One story that Boris Johnson will never shake off is his sister Rachel’s assertion that as a child he used to say his ambition was to be ‘world king’. He has been making moves in that direction ever since. He has just completed two successful terms as Mayor of London, where his amiable manners and jocular turn of phrase have made him the most popular politician in the United Kingdom; and now he is currently making a high-stakes power play. The Prime Minister, David Cameron, has committed his own future to the idea that the UK must stay inside the European Union, and Johnson has responded by trying to become the face of the Leave campaign. Cameron has Obama, the World Bank, and lots of other influential people on his side, but even so he is taking a big risk. If the referendum of 23 June goes against him, his position as leader of the party and the government must be in question. Johnson, on the other hand, is risking practically nothing. He holds no ministerial portfolio and no longer has responsibility for London. Furthermore, his hostility to Europe is well-known, and so his public disagreement with Cameron seems reasonable enough. If he loses he will not have to resign any position or make any humiliating changes to his arguments.
A former journalist, Johnson’s first important position was as European correspondent for the Daily Telegraph (which is the unofficial house journal of the Conservative Party). Aleady well known for his acid humour, he concentrated on stories about ridiculous pieces of legislation or outrageous financial scandals: feeding a well-defined antipathy in Britain against what you could call the French style of European government. In domestic affairs, the French seem to believe in maximising bureaucracy whenever possible, and due to French influence at the beginning, this approach has coloured the style of organisation of the European Union too.
The problem with this system is seen quite clearly in France today. The habit of mind is to create more and more regulations, and after a certain point the result is an overwhelming mass of rules that are so complicated that none but the most dedicated professionals can understand them. In France the professionals in question are mainly the products of the Ecole Normale de l’Administration; inEurope they are the thousands of well-fed and multi-lingual Eurocrats. Nowadays they may well be Estonian or Slovak, but the style of their operations is still French: as the basic style of operation of NATO remains Anglo-American. People may talk about ‘reform’, but changing the whole nature of a large international organisation is impossible. The same goes for the UN, actually.

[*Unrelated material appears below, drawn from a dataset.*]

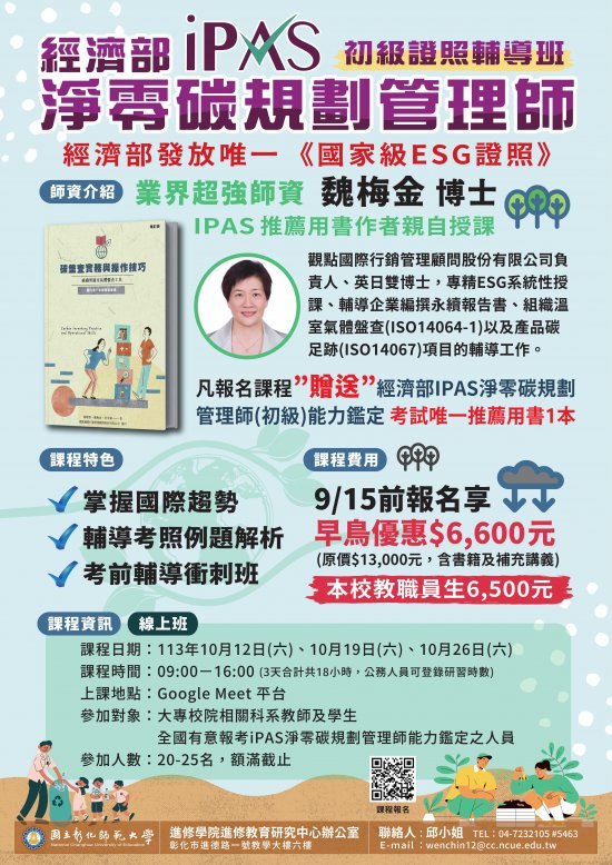 113年iPAS淨零碳規劃管理師(初級)能力鑑定輔導班 (線上班)

This presents an easy target for British critics like Johnson. (He is not alone. Apart from other individuals in the main political parties, there is a small party, UKIP, entirely devoted to the proposition that the UK should be independent of Europe.) But for Johnson it represents at the same time an opportunity to demonstrate his superior skills as an orator and a populist. He seems like a figure from two hundred years ago: a classical scholar who quotes Virgil and lectures on Athenian culture, and manages to sound as if politics is a kind of hobby. This cheerful amateurism has earned him genuine affection among ordinary people, who like people everywhere, don’t like politicians. A sign of this is that this alleged Tory, who extols the virtues of Margaret Thatcher and Winston Churchill, should have been accepted by the people of London, who after Boris have reverted to their more natural position to the left of the Labour Party.
But in fact there is little evidence that Boris is really a Conservative. One of his first political battles was the juvenile but still career-building one of election as President of the Oxford Union, the university’s debating society. Being a Conservative was fatally unfashionable in 1985, so Boris reinvented himself as an environmentalist candidate under the banner of the SDP, direct opponents of the Conservatives at the national level.

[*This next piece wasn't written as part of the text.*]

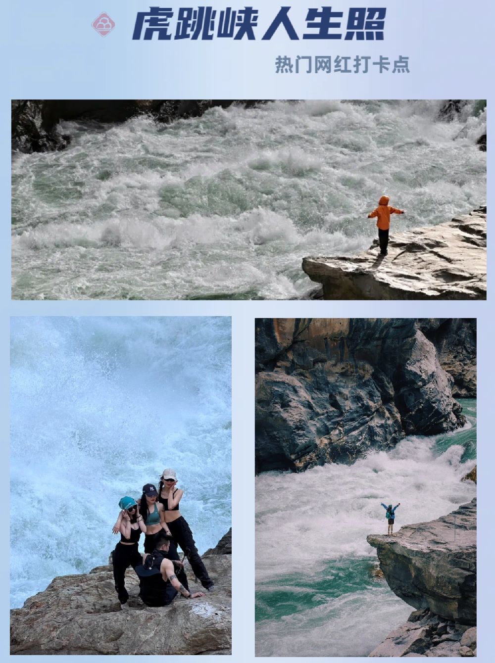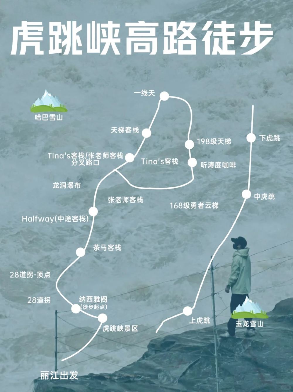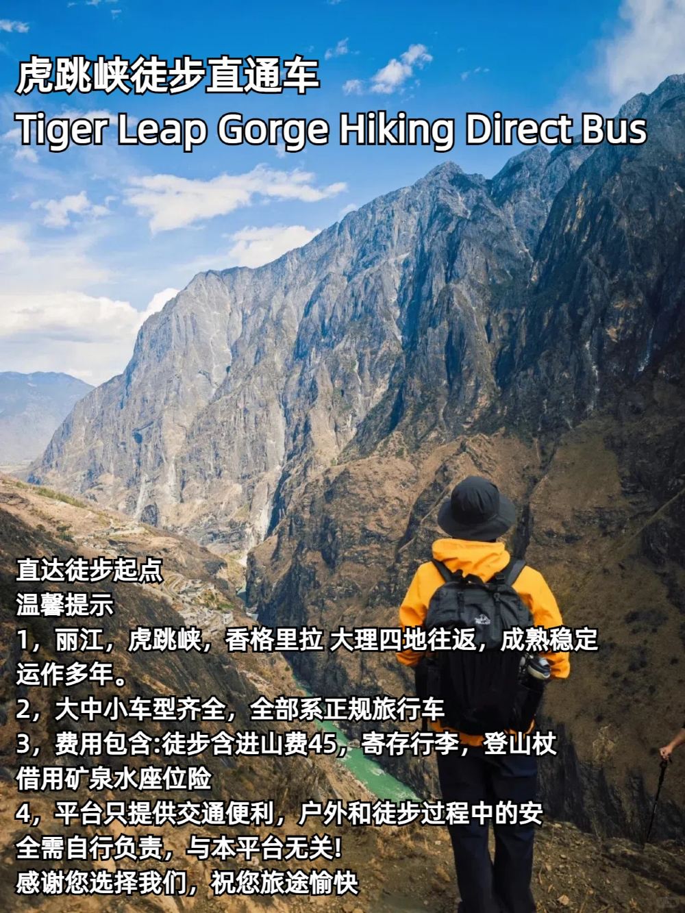 2、中虎跳坐我们的专线车不需要门票,不去上虎跳风景区就不会产生门票费用,专线车点对点发车,可选下车点有上虎跳风景区,纳西雅阁,茶马客栈,中途客栈,返程固定上车点为张老师客栈

Many of Boris Johnson’s policies in London have been personal initiatives rather than policies invented in Conservative Campaign Headquarters. His current act in the Leave movement also has little to do with Tory tradition or dogma. Win or lose, he is building ‘Brand Boris’. It is hard to avoid a comparison with Donald Trump. While the style required for Britain is different for that needed in America, both men are essentially comedy candidates. Londoners voted for Boris mainly because they thought he is ‘a laugh’, and his problem in parliament has been that his easy jocular style is not appropriate to the speeches of a back-bench MP. But if (as everyone assumes), the wannabe World King is aiming at the job of Prime Minister, this petty limitation might melt away. If the glass is half-full, we might see a prime minister full of elegant rhetoric, making great speeches that will be published in volumes that will be read for centuries; if the glass is half-empty, Boris will be revealed as the lightweight political thinker he has always been, and his ability to read the runes of fashion will not be enough to disguise his lack of serious policies.

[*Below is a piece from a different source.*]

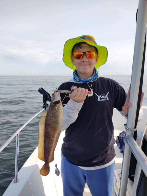 Finally got to splash the Grateful Dad this weekend, so I headed out with Pete, Kenny and Brayden. Based on some intel from a hungover, baitless, beerless sharpie, I ran out to a likely spot in 75-80 feet of water down the Sandy Hook channel. Conditions were great and we were pretty much alone, so we were able to drift with no problem. Got into a bunch of nice big ling, and a few keeper seabass, including a real nice knucklehead, shown in the rare GD photo.

Would it stop there, though? There is another strange possibility. Johnson makes much of his exotic international pedigree (including Turkish, Russian, French and German ancestors), but was born in New York, and therefore holds dual British and American nationality. During his time at Oxford, one person who knew him said that he had one over-riding ambition: to be President of the United States. This was a road closed to Henry Kissinger and Arnold Schwarzenneger due to their foreign birth. The World King is only 51.
Christopher Lord has lived in nine countries and speaks seven languages. His books include Politics and Parallel Cultures, and his journalism has been published world-wide.